Display image from FTP server in HTML IMG tag

I have full access to the image file on the server from the client in FileZilla. Trying to access this image from HTML IMG generated from PHP on the client. Trying to play by the book and failed. Any ideas are welcome.

eg. img src=‘ftp://server name/directory path/file name’

Well, you can not load it directly thru FTP that way. It is because you are not logged into the FTP account. You can use the PHP FTP functions, but, they are tricky. Is there a reason you can not just use HTTP version? Is your image file protected?

eg: < img src=“http://server-name/directory-path/image-file-name.jpg” > ???

I tried HTTP:// with the same result.
Also tried variety
ftp://username:password@server-name/directory-path/image-file-name.jpg
ftp://username@server-name/directory-path/image-file-name.jpg
ftp://server-name/directory-path/image-file-name.jpg
http://username:password@server-name/directory-path/image-file-name.jpg
http://username@server-name/directory-path/image-file-name.jpg
http://server-name/directory-path/image-file-name.jpg

It is obvious that something simple is missing.

This one should work. Unless it is a secured server. In that case HTTPS:// …
Now, the other issue that might cause this problem is the folder’s permission settings. If you use your FTP, Filezilla or anything else, you can view the the permissions set on the folder that the image is in.
Let us know that. I will explain why FTP will not work…

Your browser handles the BROWSER-SIDE code displaying data and images. The server handles SERVER-SIDE programs. You NEVER see the server side items in the browser. Therefore PHP is never in the code when you view-source of a page. This is for security so that hackers can not see your code and hack your site. Now, that is why you can not use FTP the way you have in your HTML. It just is not possible.

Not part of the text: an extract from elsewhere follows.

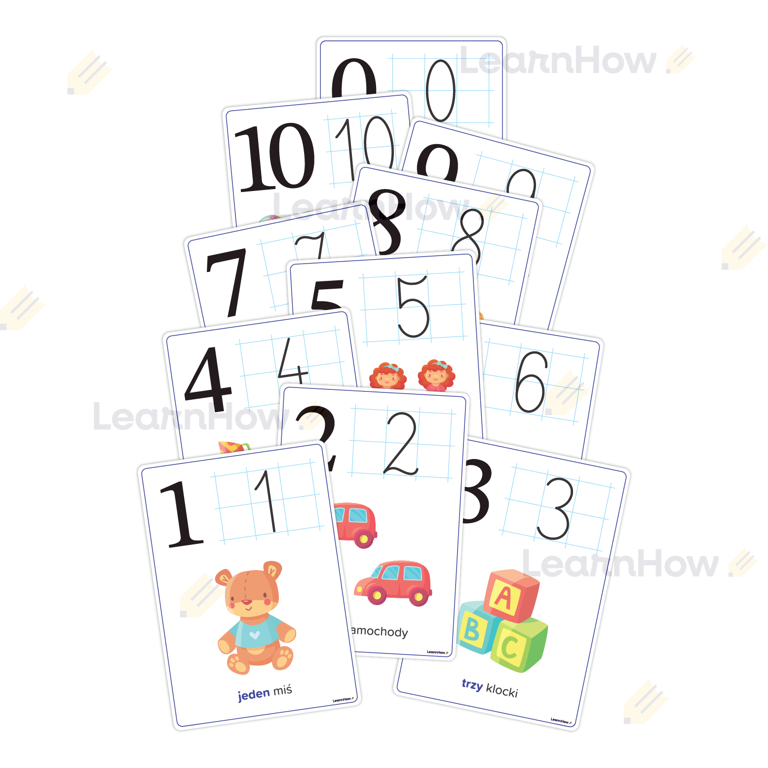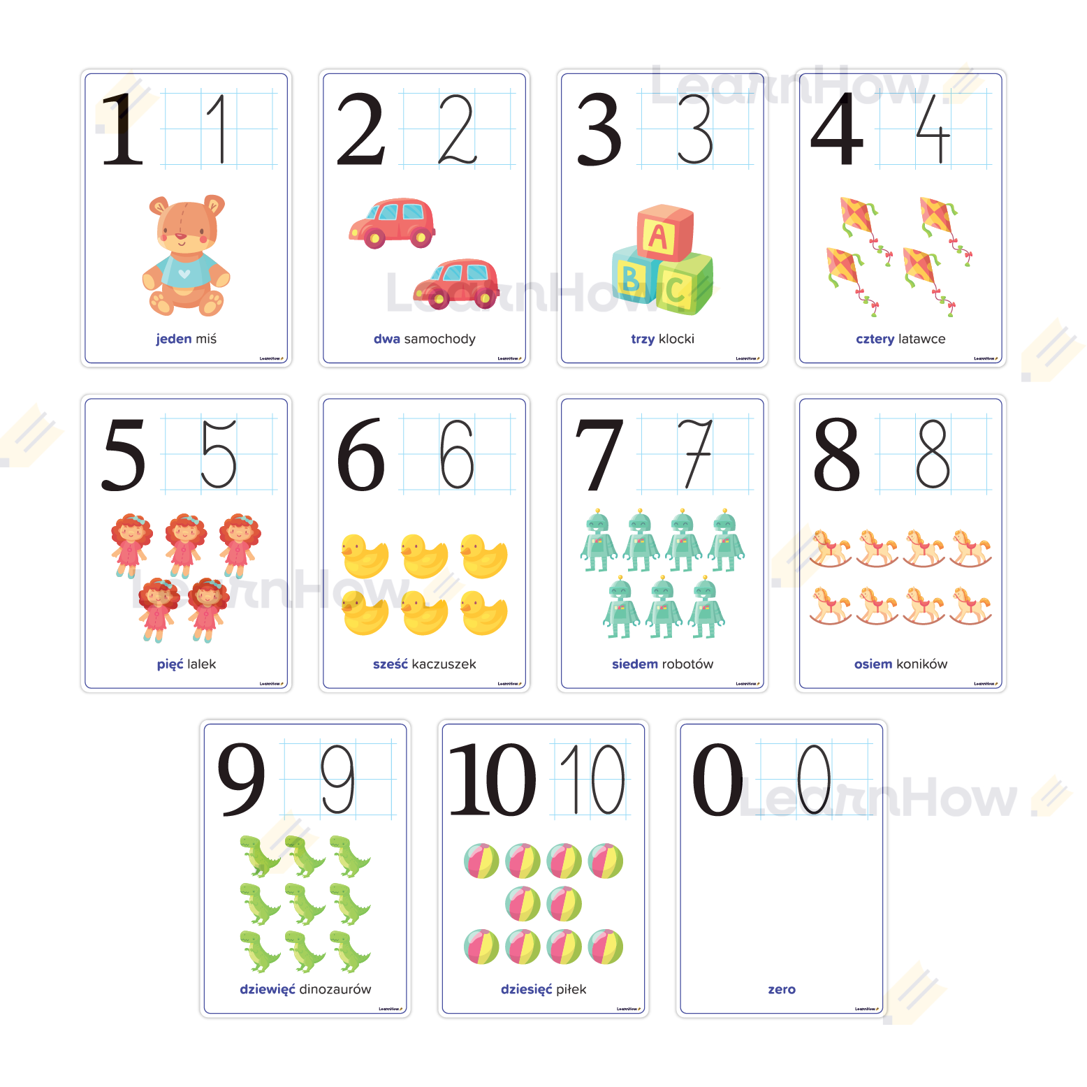 Zestaw składa się z 11 plansz do nauki podstawowych cyferek od 0 do 10.

Two workarounds are available. Simply change the permissions for the image folder to allow reading of the files OR simply use PHP to insert the image. The first way is the easiest. But, of course it allows hackers to see your images if they know the name of the files. The second way is trickier. You need to create an image object, load it with the base64 version of the image and then send the image object to the browser using headers. Not too many lines to do that, but, more work.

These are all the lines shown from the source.